BSF DG KK Sharma. Image courtesy: Debobrat Ghose

“Our main thrust is to bring a sea change in guarding our borders by integrating latest technology and equipment. We’re putting up two pilot projects under CIBMS in Jammu, which is unique in the world for guarding borders. Work order has been awarded and it’s expected to go operational by March 2018,” the director general of BSF, KK Sharma, told Firstpost.

CIBMS is an integration of highly sophisticated equipment — like handheld thermal imager (HHTI), night vision devices (NVD), long-range radars, battlefield surveillance radars, etc — with manpower. It’s a virtual fencing system.

It will be a shot in the arm of the Border Security Force (BSF) – the world’s largest border force – that is engaged in guarding India’s land border, with challenges such as infiltration of terrorists across the border into Kashmir and eastern states like West Bengal and Assam, and drug and cattle smuggling, among others.

How will CIBMS function?

— Thermal imager indicates body heat signatures of any living being that moves towards Indian boundaries in the dark of the night at a distance of 3 km.
— NVD, long-range radars, battlefield surveillance radars, etc catch slightest of vibrations at shorter distances.
— Indigenously-developed infra-red intruder alarm, not visible through naked eye, alerts the BSF personnel. Anyone crossing the invisible infra-red wall within 700-metre range will get caught.
— Analytical tools identify suspicious movements and distinguish between man and animal from the shadow.
— Finally, based on inputs received, intruders (infiltrators or terrorists) will be eliminated.
— Motion sensors have been included in CIBMS to save power and reduce electricity bill of Rs 90-100 crore (due to flood lights on borders).

Under the pilot project, two CIBMS will be installed for a length of 5 km each. Once it’s successfully implemented, a similar system will be replicated at other places to protect the border.
“At present, some of these equipments are in the hands of jawans posted on the borders and the possibility of human error can’t be ruled out. But once this system becomes operational, it will be the latest in India on border-guarding, with the least human error. Israel was the first to have this system in place. We’ve the proposal to install CIBMS along Jammu and Punjab bordering Pakistan. Our emphasis is also to plug the riverine gaps and there’s a proposal to have this system installed at Dhubri district in Assam,” Sharma said.

Besides thwarting Pakistan’s constant attempt to push militants through the border into India, like it did last at Nagrota in Jammu and Kashmir on 29 November 2016, countering narcotics and cattle smugglers is another big challenge for the BSF.

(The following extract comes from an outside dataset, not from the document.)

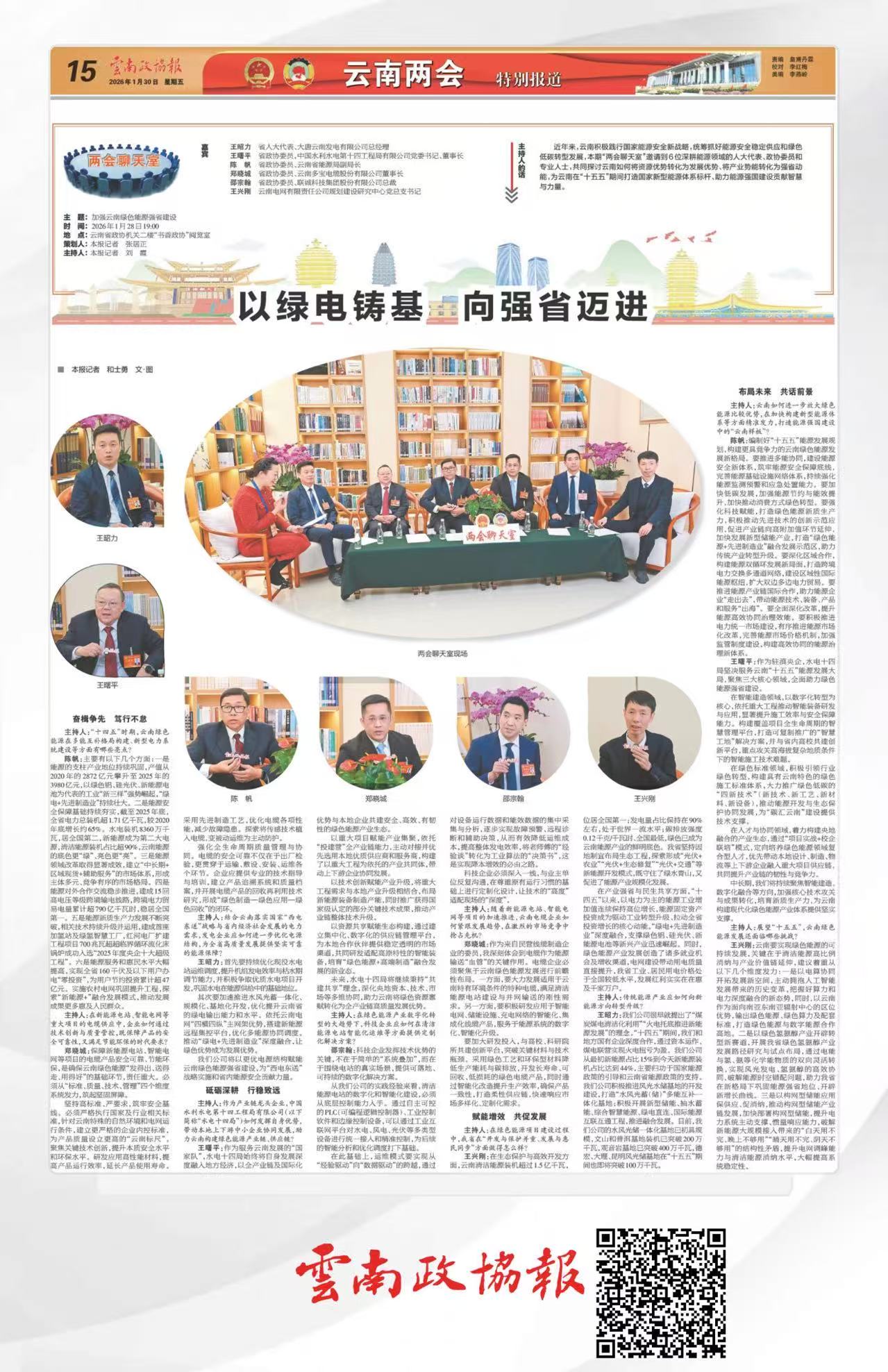 1月28日,云南省政协委员,公司党委书记、董事长YY易游体育直播受邀做客云南两会聊天室,与其他5位深耕能源领域的人大代表、政协委员和专业人士,围绕“加强云南绿色能源强省建设”展开交流,共同探讨云南如何将资源优势转化为发展动能,为“十五五”期间打造国家新型能源体系标杆贡献智慧。 针对如何带动本地中小企业协同发展、助力构建绿色能源产业链的问题,YY易游体育直播表示,作为服务云南的“国家队”,水电十四局始终将自身发展融入地方经济,依托全产业链及国际化优势,与本地企业共建安全、高效、有韧性的绿色能源生态。一是以重大项目赋能产业集聚,发挥“投建营”全产业链能力,优先选用本地优质供应商,形成以重大工程为依托的产业共同体。二是以技术创新赋能产业升级,结合工程需求布局新能源装备制造,推广国家级关键技术成果,推动产业链整体提升。三是以资源共享赋能生态构建,通过数字化供应链管理平台,为本地伙伴提供稳定透明的市场渠道,合作研发高原适应性智能装备,培育“绿色能源+高端制造”新业态。 就云南如何放大绿色能源优势、打造能源强国“云南样板”,YY易游体育直播指出,作为驻滇央企,水电十四局全力服务云南“十五五”能源发展大局,聚焦三大领域助力绿色能源强省建设。在智能建造领域,以数字化转型为核心,依托重大工程研发应用智能装备,构建全生命周期智慧管理平台,打造可推广的“智慧工地”方案,联合省内高校攻关高海拔复杂地质施工技术。在绿色标准领域,引领行业绿色转型,构建云南特色绿色施工标准体系,推广绿色低碳“四新技术”,推动能源开发与生态保护协同。在人才与协同领域,通过“项目实战+校企联培”定向培养复合型人才,优先带动本地设计、制造、物流等企业融入供应链,提升产业链韧性与竞争力。 作为产业链龙头企业和驻滇央企,公司积极践行国家能源安全新战略,坚持以绿色筑基高质量发展。未来,公司将继续秉持“共建共享”理念,深化央地资本、技术、市场等多维协同,聚焦智能建造与数字化融合,加强核心技术攻关与转化,培育新质生产力,助力云南将绿色资源优势转化为全产业链发展优势,为构建现代化绿色能源产业体系提供坚实支撑。 | |||

Not known to many, the terrorists across the border attacked the army base camp at Nagrota and killed seven army personnel. On the same night at a distance, when three other terrorists were making their way through a tunnel, the BSF tracked and neutralised them.

Despite severe constraints, the cattle smuggling, which is a complex issue due to geopolitical reasons, has declined from 20 lakh per annum in 2013 to less than 6 lakh in 2017 (as on date), with record seizure of animals in 2016.

“Bangladesh border is 4,096 km long, out of which about 950 km is unfenced due to riverine belt. It’s humanly not possible to cover this unfenced stretch. Smuggling takes place through this porous stretch, despite our patrolling and floodlights. Population on both the sides is economically dependent on cattle trade. Local politicians have their own compulsions in a democracy. While, tackling this menace, the BSF has lost many men and hundreds have been injured in clashes with smugglers. These clashes are on the rise because we’re using non-lethal weapns like pump action guns, which has emboldened the smugglers,” the DG pointed out.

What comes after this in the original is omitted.